_TASK_
Once the line holding "正門からエントランスまでのア" is found in the entries below, transcribe exactly every line up to and including the one holding "Situado sobre Ruta", but leave out the pictures.

_SUPPLIED INFORMATION_
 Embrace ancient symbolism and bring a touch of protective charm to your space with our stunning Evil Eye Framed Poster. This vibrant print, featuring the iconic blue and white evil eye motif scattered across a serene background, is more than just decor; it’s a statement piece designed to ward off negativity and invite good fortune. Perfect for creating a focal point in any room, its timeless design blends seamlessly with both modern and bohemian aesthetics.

--

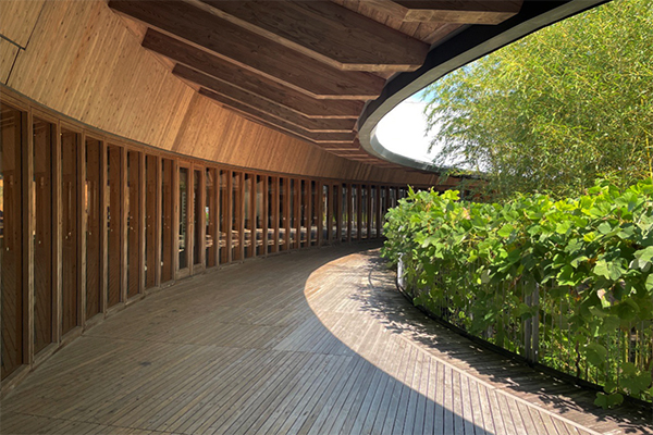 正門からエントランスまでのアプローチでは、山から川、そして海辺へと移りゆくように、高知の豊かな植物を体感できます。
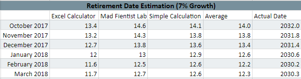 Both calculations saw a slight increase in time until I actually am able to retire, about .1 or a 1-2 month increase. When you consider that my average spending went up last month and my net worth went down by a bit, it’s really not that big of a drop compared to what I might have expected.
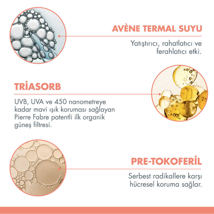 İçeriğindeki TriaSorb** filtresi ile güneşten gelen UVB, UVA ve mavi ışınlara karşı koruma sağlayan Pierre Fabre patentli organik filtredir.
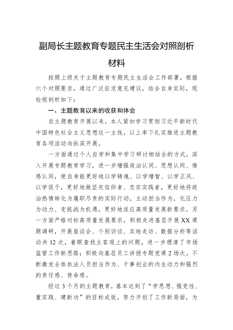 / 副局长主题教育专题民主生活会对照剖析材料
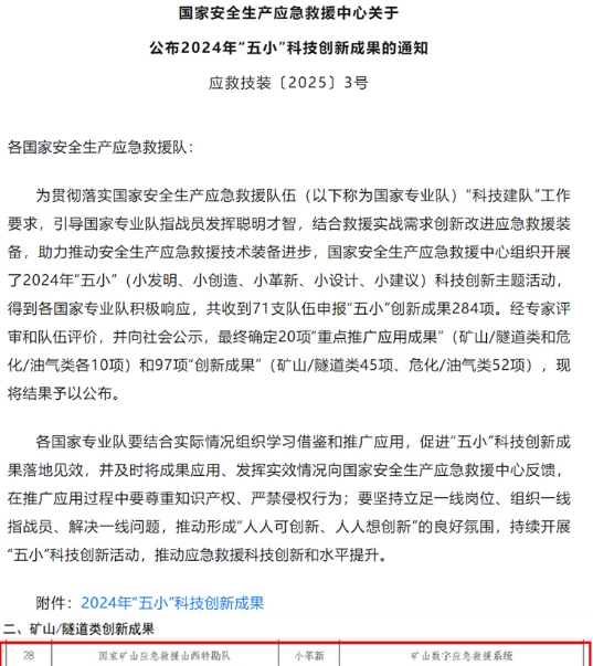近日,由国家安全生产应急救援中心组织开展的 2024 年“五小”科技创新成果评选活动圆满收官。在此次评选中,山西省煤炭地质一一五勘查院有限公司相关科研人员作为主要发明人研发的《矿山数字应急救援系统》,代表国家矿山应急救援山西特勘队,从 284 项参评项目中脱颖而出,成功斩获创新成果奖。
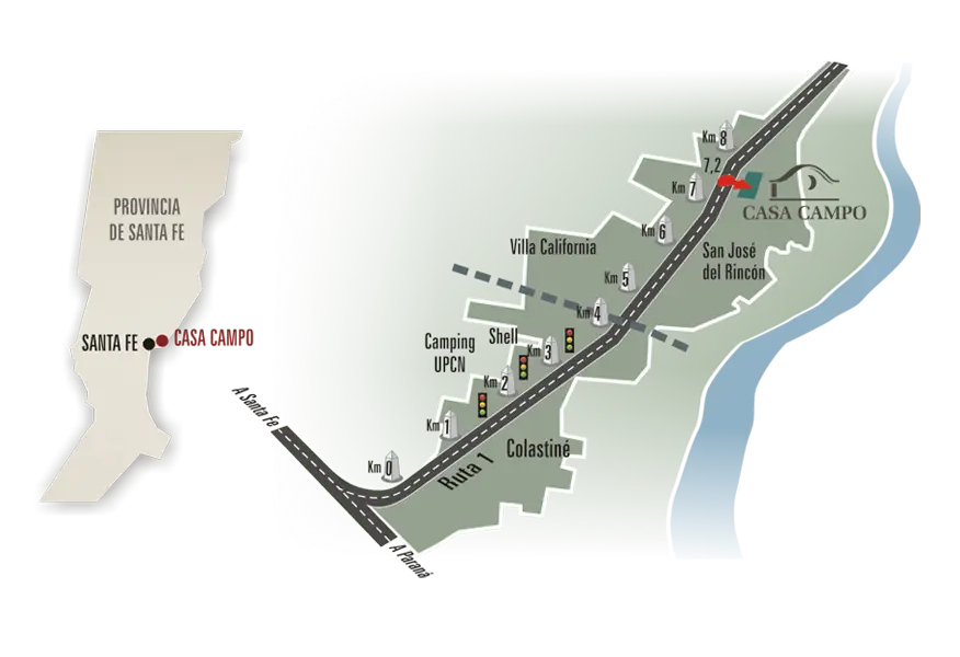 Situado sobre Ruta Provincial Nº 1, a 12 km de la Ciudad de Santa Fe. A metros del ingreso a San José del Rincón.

* * *

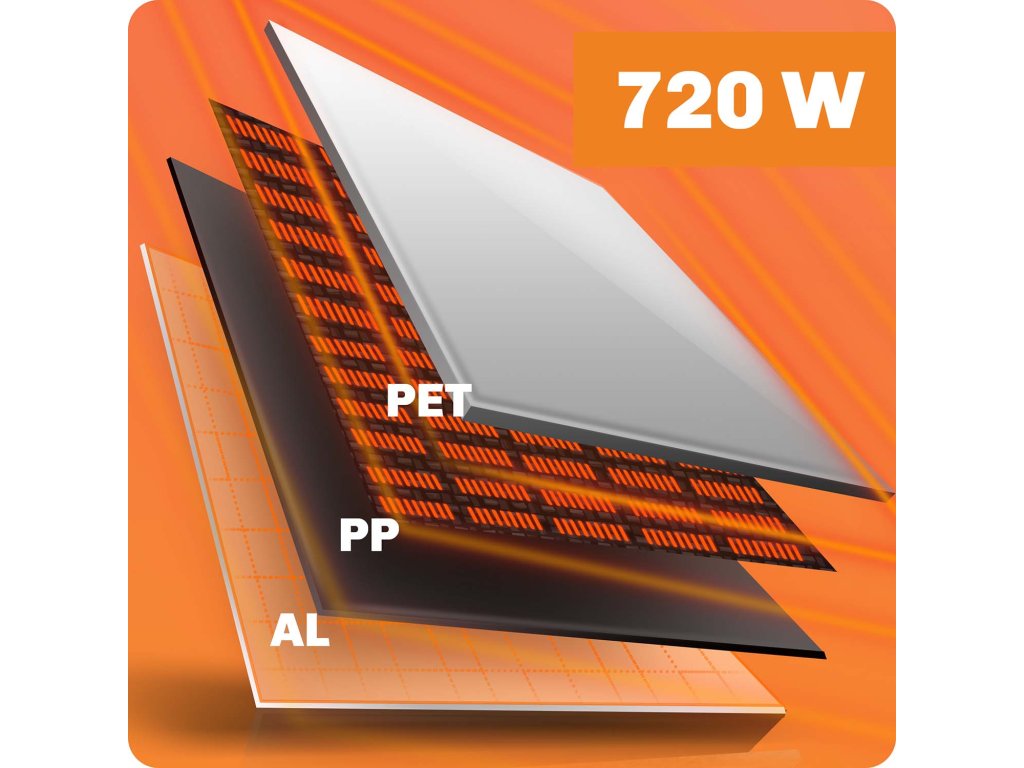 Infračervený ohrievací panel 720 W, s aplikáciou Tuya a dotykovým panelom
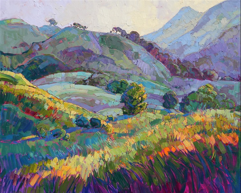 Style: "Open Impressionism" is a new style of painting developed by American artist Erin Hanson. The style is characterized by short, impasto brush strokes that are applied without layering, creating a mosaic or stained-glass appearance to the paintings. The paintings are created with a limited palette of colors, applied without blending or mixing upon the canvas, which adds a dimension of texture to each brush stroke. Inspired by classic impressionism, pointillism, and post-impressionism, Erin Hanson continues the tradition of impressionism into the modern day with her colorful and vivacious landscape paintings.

_EXERCISE SOLUTION_
 正門からエントランスまでのアプローチでは、山から川、そして海辺へと移りゆくように、高知の豊かな植物を体感できます。
 Both calculations saw a slight increase in time until I actually am able to retire, about .1 or a 1-2 month increase. When you consider that my average spending went up last month and my net worth went down by a bit, it’s really not that big of a drop compared to what I might have expected.
 İçeriğindeki TriaSorb** filtresi ile güneşten gelen UVB, UVA ve mavi ışınlara karşı koruma sağlayan Pierre Fabre patentli organik filtredir.
 / 副局长主题教育专题民主生活会对照剖析材料
近日,由国家安全生产应急救援中心组织开展的 2024 年“五小”科技创新成果评选活动圆满收官。在此次评选中,山西省煤炭地质一一五勘查院有限公司相关科研人员作为主要发明人研发的《矿山数字应急救援系统》,代表国家矿山应急救援山西特勘队,从 284 项参评项目中脱颖而出,成功斩获创新成果奖。
 Situado sobre Ruta Provincial Nº 1, a 12 km de la Ciudad de Santa Fe. A metros del ingreso a San José del Rincón.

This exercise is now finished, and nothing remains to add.